> [PROBLEM TO SOLVE]:
This task calls for the lines below starting at the one containing "- Nappali,2. háló,2." and ending at the one containing "キット標準の79Tに比べてハ", repeated exactly with both ends kept and pictures left out.

> [EXERCISE DATA]:
--------------------------------------------------

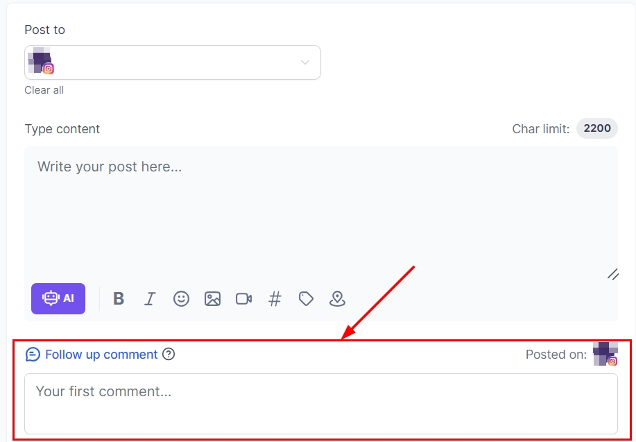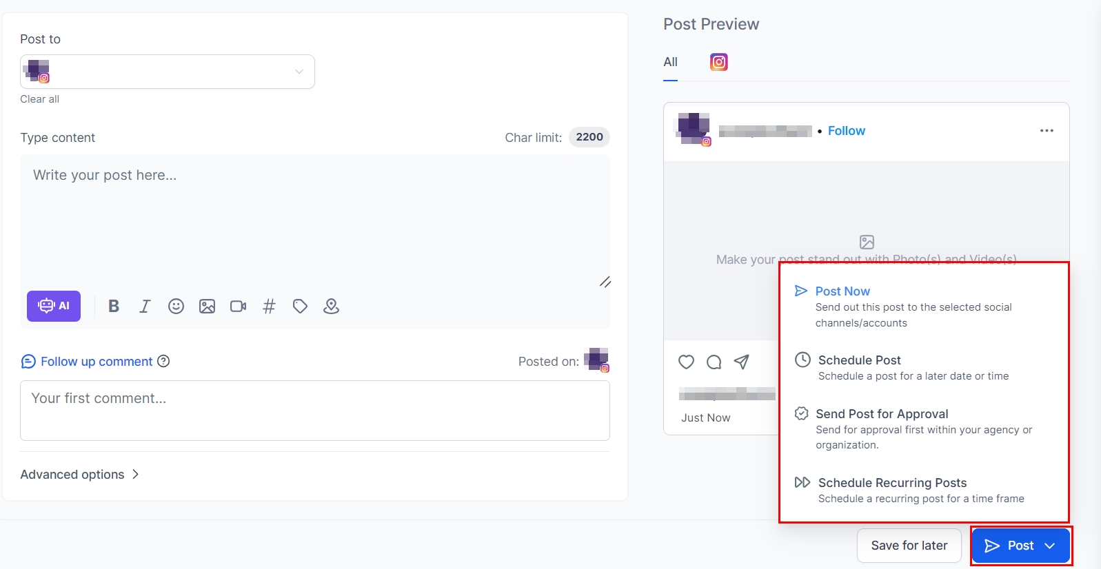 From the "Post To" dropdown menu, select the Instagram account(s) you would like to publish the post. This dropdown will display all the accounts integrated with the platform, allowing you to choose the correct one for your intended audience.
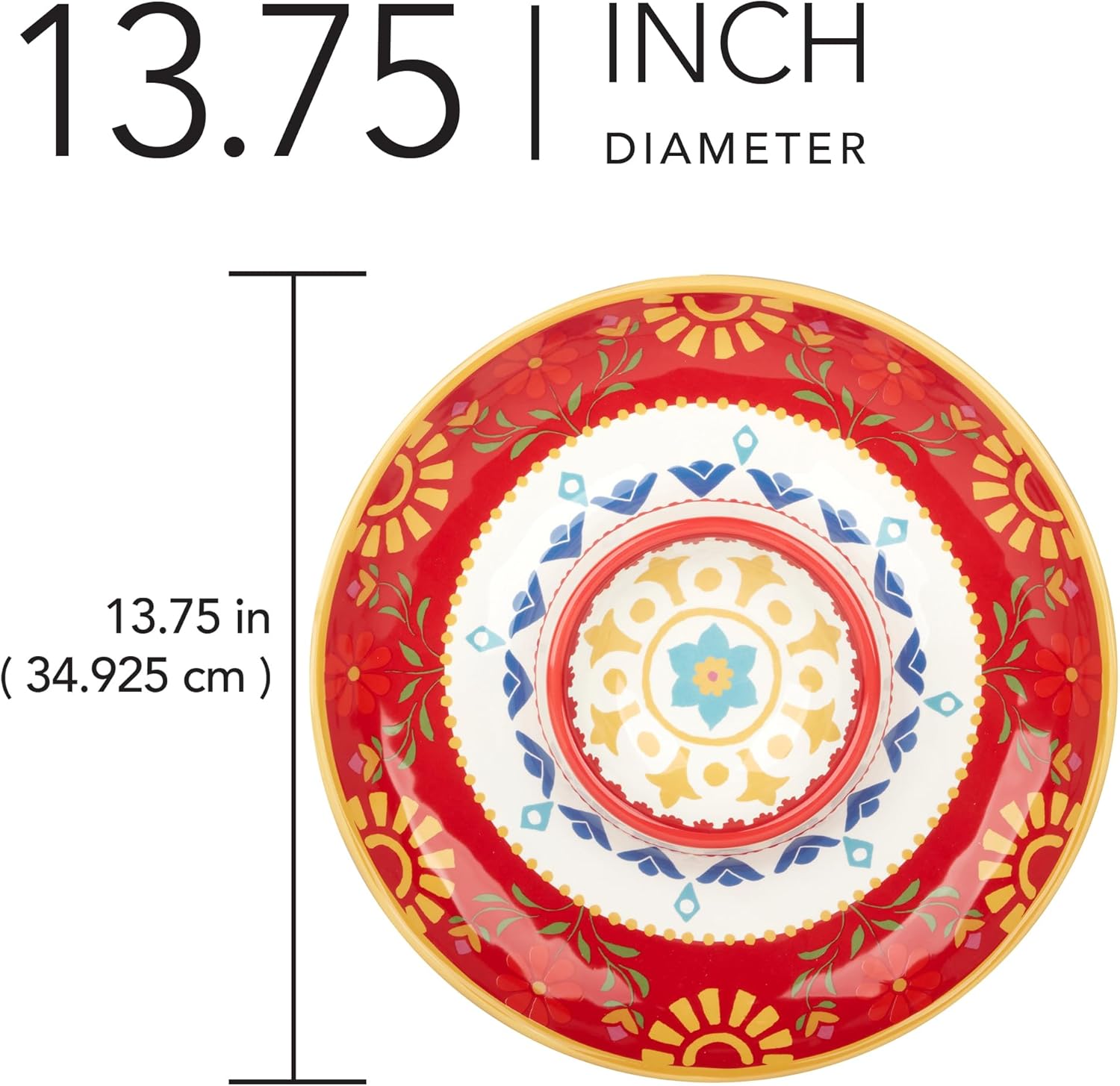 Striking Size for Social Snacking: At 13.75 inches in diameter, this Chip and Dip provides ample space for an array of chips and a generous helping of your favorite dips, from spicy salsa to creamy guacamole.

--------------------------------------------------

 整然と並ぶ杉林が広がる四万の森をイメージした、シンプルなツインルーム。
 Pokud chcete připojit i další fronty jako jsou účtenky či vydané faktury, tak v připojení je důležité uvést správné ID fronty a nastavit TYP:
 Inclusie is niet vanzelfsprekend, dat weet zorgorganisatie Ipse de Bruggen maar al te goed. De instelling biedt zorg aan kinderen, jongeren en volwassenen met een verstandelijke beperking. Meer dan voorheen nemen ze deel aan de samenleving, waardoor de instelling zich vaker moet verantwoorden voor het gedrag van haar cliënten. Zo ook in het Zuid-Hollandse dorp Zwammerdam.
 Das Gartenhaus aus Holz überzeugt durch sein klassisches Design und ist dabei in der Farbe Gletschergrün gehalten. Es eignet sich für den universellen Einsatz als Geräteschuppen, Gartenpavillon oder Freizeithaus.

--------------------------------------------------

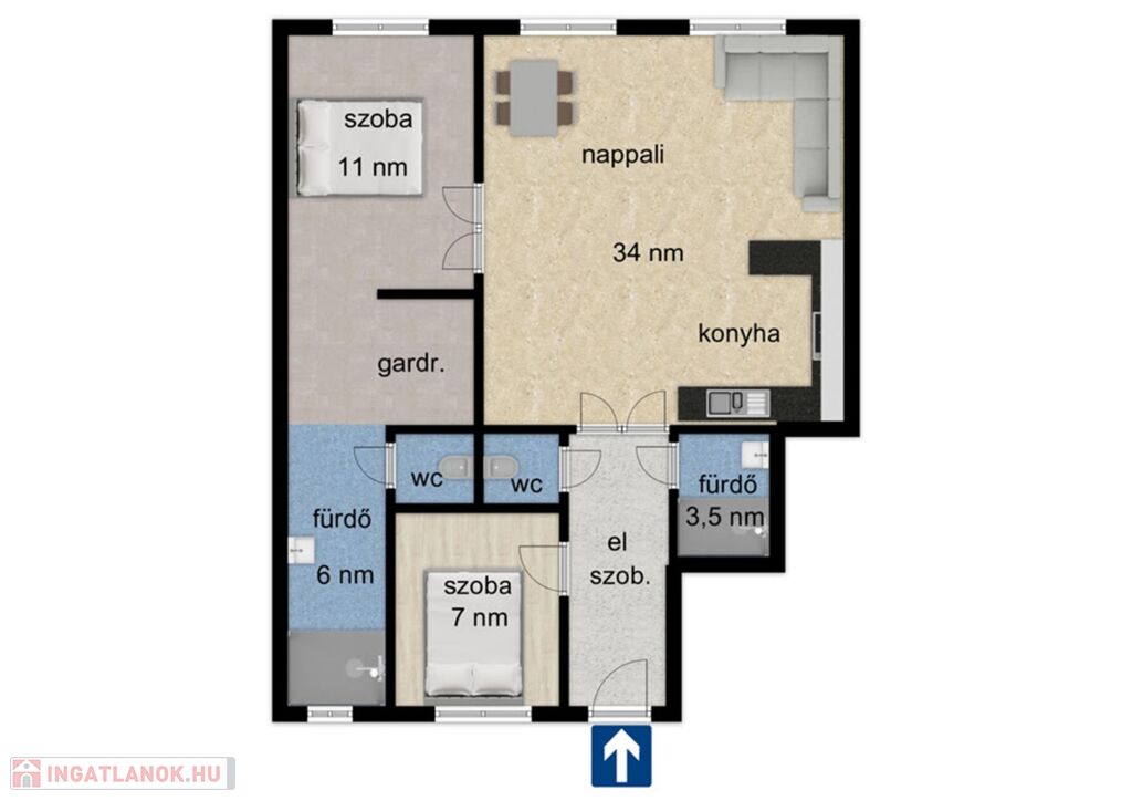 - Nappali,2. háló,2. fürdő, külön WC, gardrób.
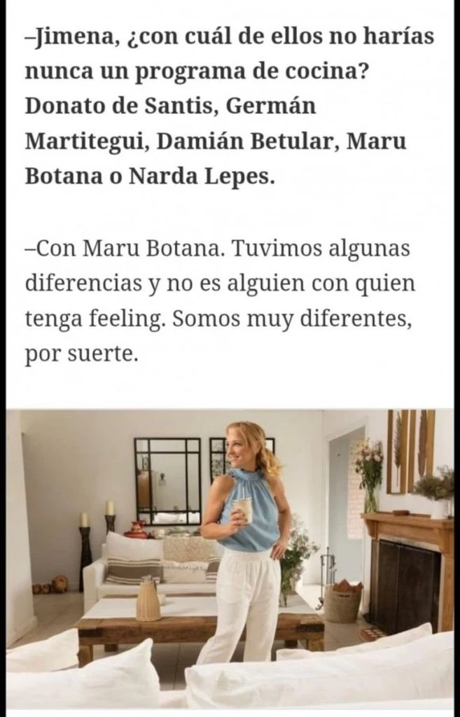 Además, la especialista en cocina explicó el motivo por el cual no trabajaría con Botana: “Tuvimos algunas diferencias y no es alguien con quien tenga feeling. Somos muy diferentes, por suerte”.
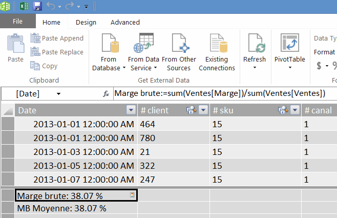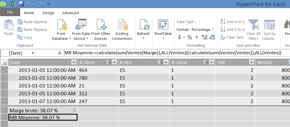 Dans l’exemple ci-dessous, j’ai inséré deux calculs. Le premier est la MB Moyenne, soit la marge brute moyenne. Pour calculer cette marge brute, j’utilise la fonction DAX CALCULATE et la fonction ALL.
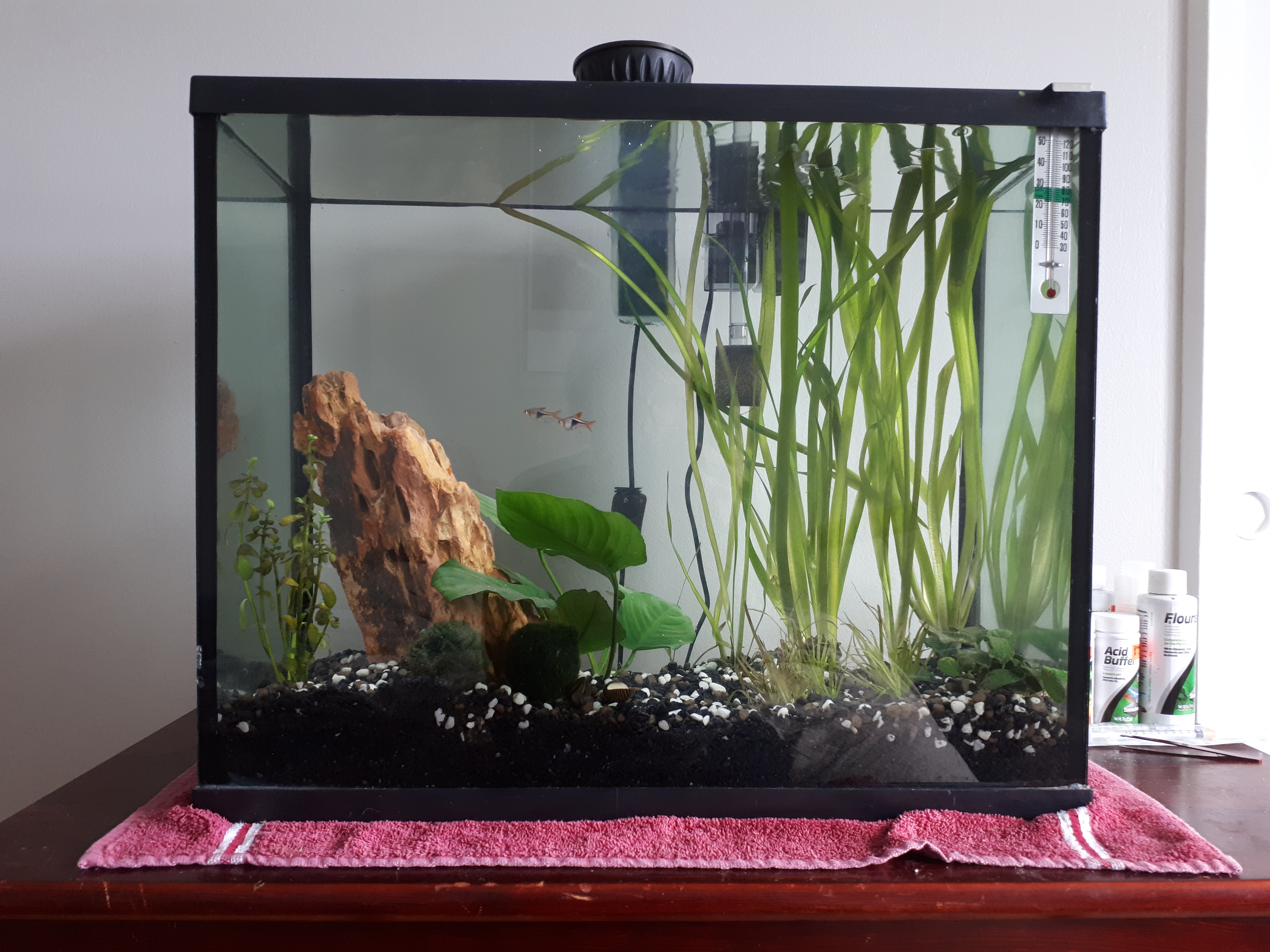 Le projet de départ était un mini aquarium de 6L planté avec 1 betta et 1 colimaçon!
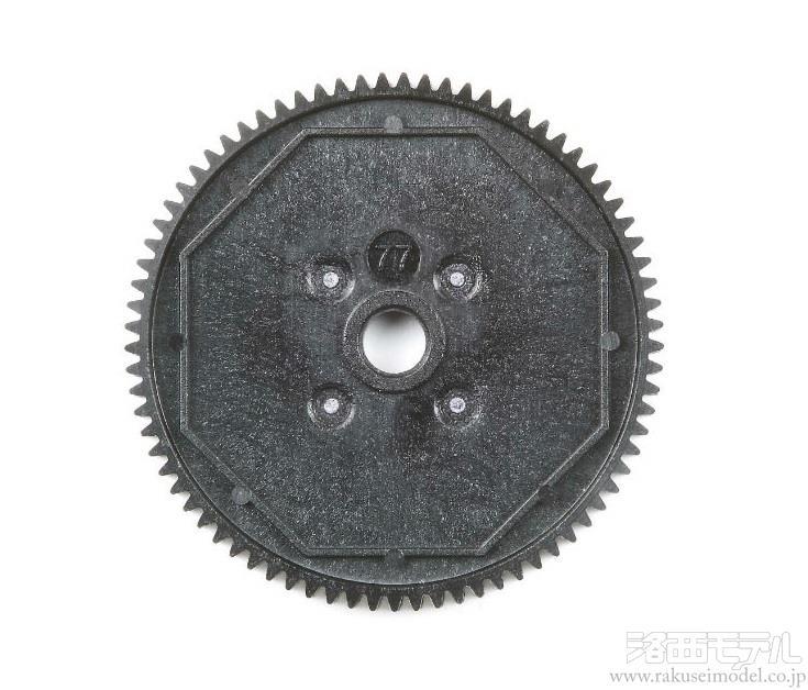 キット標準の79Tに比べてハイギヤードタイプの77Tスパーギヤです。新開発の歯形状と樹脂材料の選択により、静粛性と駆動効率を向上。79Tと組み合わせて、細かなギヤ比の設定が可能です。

--------------------------------------------------

> [TASK OUTPUT]:
 - Nappali,2. háló,2. fürdő, külön WC, gardrób.
 Además, la especialista en cocina explicó el motivo por el cual no trabajaría con Botana: “Tuvimos algunas diferencias y no es alguien con quien tenga feeling. Somos muy diferentes, por suerte”.
 Dans l’exemple ci-dessous, j’ai inséré deux calculs. Le premier est la MB Moyenne, soit la marge brute moyenne. Pour calculer cette marge brute, j’utilise la fonction DAX CALCULATE et la fonction ALL.
 Le projet de départ était un mini aquarium de 6L planté avec 1 betta et 1 colimaçon!
 キット標準の79Tに比べてハイギヤードタイプの77Tスパーギヤです。新開発の歯形状と樹脂材料の選択により、静粛性と駆動効率を向上。79Tと組み合わせて、細かなギヤ比の設定が可能です。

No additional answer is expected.